Before we can optimize, we often need to understand causal effects (e.g., “If we change X, what happens to Y?”). This is where experiments come in. Experiments allow us to compare the results of different actions and see which one performs better.

At this stage, the goal is not to prove anything mathematically. It is simply to clarify what we want to learn and what outcome matters. These questions are later converted into testable hypotheses (null vs. alternative) that allow us to evaluate results.

We will discuss null and alternative hypotheses in a later chapter.

Hypotheses as Structured Guesses#

A hypothesis is a formal educated guess about how changing an input affects an outcome:

If we increase study time, exam scores will increase.

If we reduce friction during checkout, purchases will increase.

Hypotheses do not guarantee truth; they merely propose a relationship worth testing.

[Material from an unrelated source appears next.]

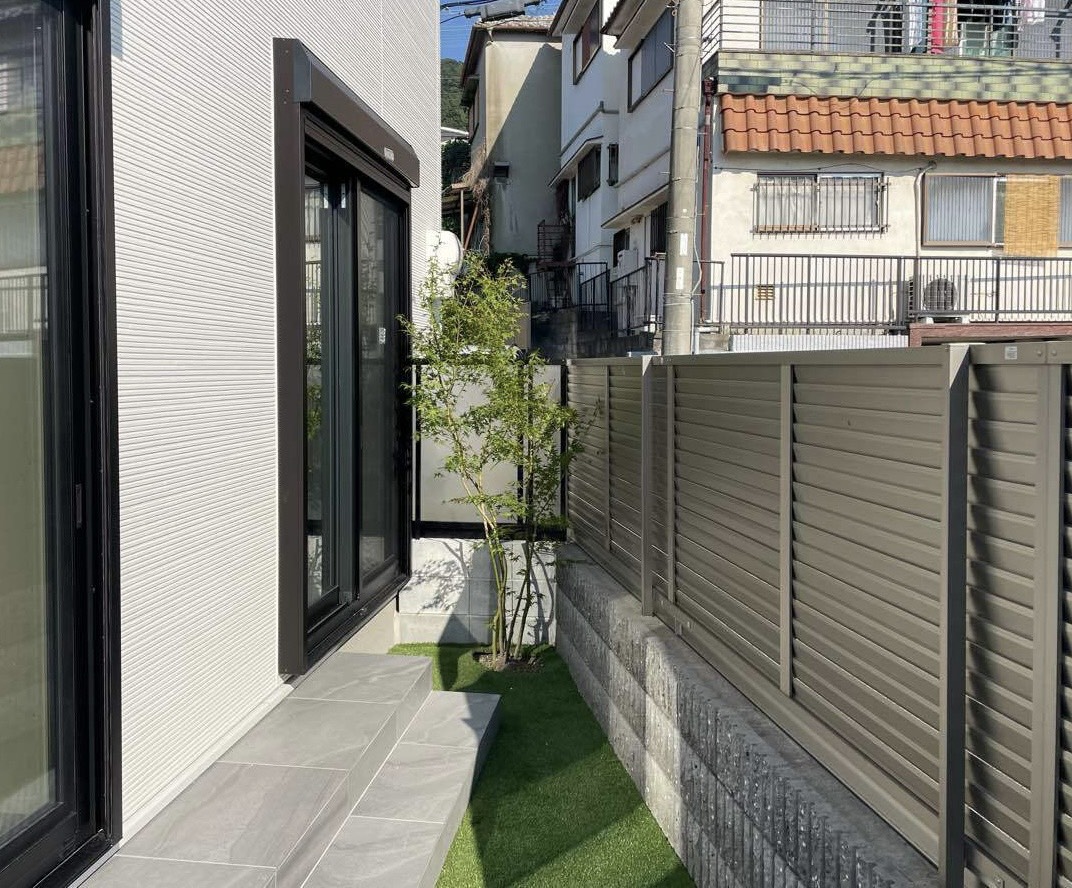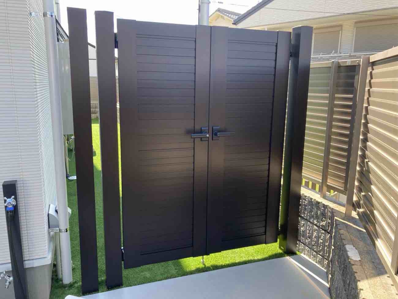 人工芝のスペース部分の目隠しフェンスには、隙間ガードを取り付け隙間をなくし大型門扉で外からの視線を完全にシャットアウトしプライベート空間が、より充実した空間となりました。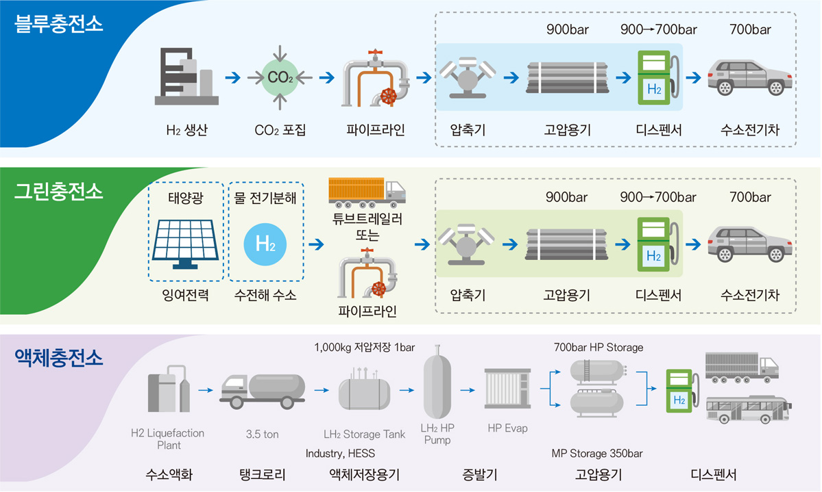 수소 모빌리티에 수소 연료를 재충전하는 장소로, 기존의 자동차 주유소(Gasoline Station)와 유사한 개념입니다. 기존 자동차가 사용하는 휘발유, 경유, LPG 등의 화석연료를 대체하여, 온실가스 배출을 줄이고 탄소중립을 실현할 수 있는 친환경 수소에너지 시대가 열리고 있습니다. 수소충전소는 이러한 변화의 중심에 있는 미래형 청정에너지 공급시설로서, 빠르게 성장하는 수소 모빌리티 시장에서 수소를 안전하고 신속하게 공급하여 지속가능한 친환경 교통체계를 실현하는 핵심 인프라입니다.

Good hypotheses are directional (predict how things move), falsifiable (can be wrong), and relevant (connected to the decision at hand).

In data science, hypotheses often serve a practical purpose: they tell us what data to collect and what comparisons matter.

(II) Variables & Outcomes#

Once we have a research question, the next step is to identify the key components of the experiment: what we change, what we control, and what we measure. In experimental design, these are captured through different type of variables and outcomes.

**(a) Control vs. Treatment/Experiemental **

An experiment typically compares:

Control group: receives the baseline experience
Treatment group: receives the new feature or intervention

Differences in outcomes indicate whether the treatment has an effect.

(b) Independent vs. Dependent Variables

In experiements, we identify the variables:

What will be changed or manipulated? (the independent variable)
What will be measured? (the dependent variable)

Example: If a streaming service wants to see if thumbnail style affects user engagement, the thumbnail is the independent variable and engagement (measured as CTR, watch time, or retention) is the dependent variable.

Figure 3. Example diagram showing a comparative setup (e.g., two groups under different conditions or phases of a study). Source: Khan Academy (cdn.kastatic.org)

This mapping matters because a poorly defined outcome leads to wasted experimentation. If you do not know what “better” means, no experiment can tell you what to do.

(c) Metrics / Evaluation Criteria:

Experiments require measurable outcomes; such as:

Click-through rate (CTR)
Revenue
Time on task
Error rate
Completion rate

Good metrics align with the decision being made. And Evaluation Criteria focus on how we quantify success (e.g., revenue per user, conversion rate, latency, retention rate).

In data science, outcomes often relate to optimization goals. For example:

A retailer might measure conversion rate to see if discounts increase sales.
A streaming platform might measure watch time to test a new recommendation algorithm.
A telecom company might measure churn rate to evaluate a loyalty program.

Clearly defining variables and outcomes ensures that the experiment answers the original question and that results can be compared fairly across different groups.

Example: A/B Testing: The Data Science Workhorse#

In industry, the most widely used form of experimentation is A/B testing, where two variants (A = control, B = treatment) are compared.

Examples:

Netflix tests thumbnail images
Amazon tests pricing or layouts
LinkedIn tests recommendation algorithms
TikTok tests ranking models
Meta tests news feed ranking features

What makes A/B testing powerful is its simplicity and scalability, large digital platforms run thousands of concurrent experiments every year.

Practical Example:

Imagine a food delivery app wondering whether offering free delivery for first-time buyers increases conversions.

Control: Users see standard delivery fee.
Treatment: Users see free delivery offer.
Outcome metric: Conversion rate on first purchase.

If the treatment produces a statistically significant increase, the company has evidence to roll it out widely. This logic appears almost everywhere; in UX design, pricing, logistics, healthcare, and public policy.